___ DATA EXCERPT
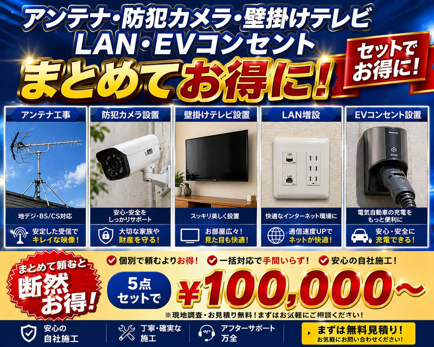 お客様のご要望に応じた工事を行いながら、アンテナ工事やエアコン、インターフォンなど多様な設備工事に対応しています。電波状況や建物の構造を考慮して、快適な環境に整える丁寧な施工を埼玉にて実施します。
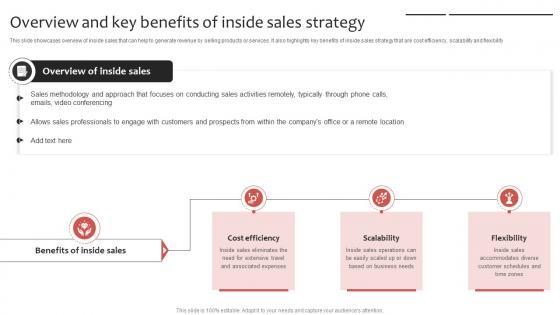 This slide showcases overview of inside sales that can help to generate revenue by selling products or services. It also highlights key benefits of inside sales strategy that are cost efficiency, scalability and flexibility. Find a pre-designed and impeccable Overview And Key Benefits Of Inside Vs Outside Sales PPT Slide Strategy SS V. The templates can ace your presentation without additional effort. You can download these easy-to-edit presentation templates to make your presentation stand out from others. So, what are you waiting for Download the template from Slidegeeks today and give a unique touch to your presentation. This slide showcases overview of inside sales that can help to generate revenue by selling products or services. It also highlights key benefits of inside sales strategy that are cost efficiency, scalability and flexibility
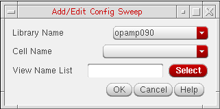 To sweep the view for a cell, you need to define a global variable prefixed with CONFIG. The value of this global variable is a list of view names from the config view. These view names are swept during simulation. The following sections describe how to create config sweep variables or import config sweeps from the parasitic setup, and how to view these variables on the Run Preview tab or the simulation results:
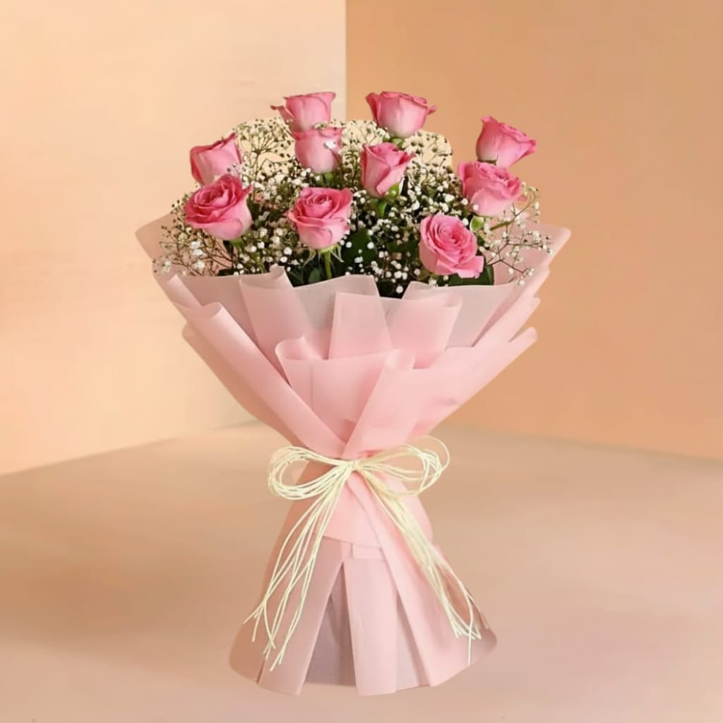 A stunning bouquet of 10 vibrant aqua pink roses, nestled with delicate baby's breath, beautifully wrapped in matching pink paper. Paired with a rich, glossy chocolate truffle cake, featuring dark chocolate ganache drip and elegant chocolate garnish. The perfect gift for any joyous celebration.
______
> EXERCISE PROMPT
From the first line of the listing above, repeat every line through the one holding "scalability and flexibility.". Both ends count, and pictures stay out.

> SOLUTION BELOW
 お客様のご要望に応じた工事を行いながら、アンテナ工事やエアコン、インターフォンなど多様な設備工事に対応しています。電波状況や建物の構造を考慮して、快適な環境に整える丁寧な施工を埼玉にて実施します。
 This slide showcases overview of inside sales that can help to generate revenue by selling products or services. It also highlights key benefits of inside sales strategy that are cost efficiency, scalability and flexibility. Find a pre-designed and impeccable Overview And Key Benefits Of Inside Vs Outside Sales PPT Slide Strategy SS V. The templates can ace your presentation without additional effort. You can download these easy-to-edit presentation templates to make your presentation stand out from others. So, what are you waiting for Download the template from Slidegeeks today and give a unique touch to your presentation. This slide showcases overview of inside sales that can help to generate revenue by selling products or services. It also highlights key benefits of inside sales strategy that are cost efficiency, scalability and flexibility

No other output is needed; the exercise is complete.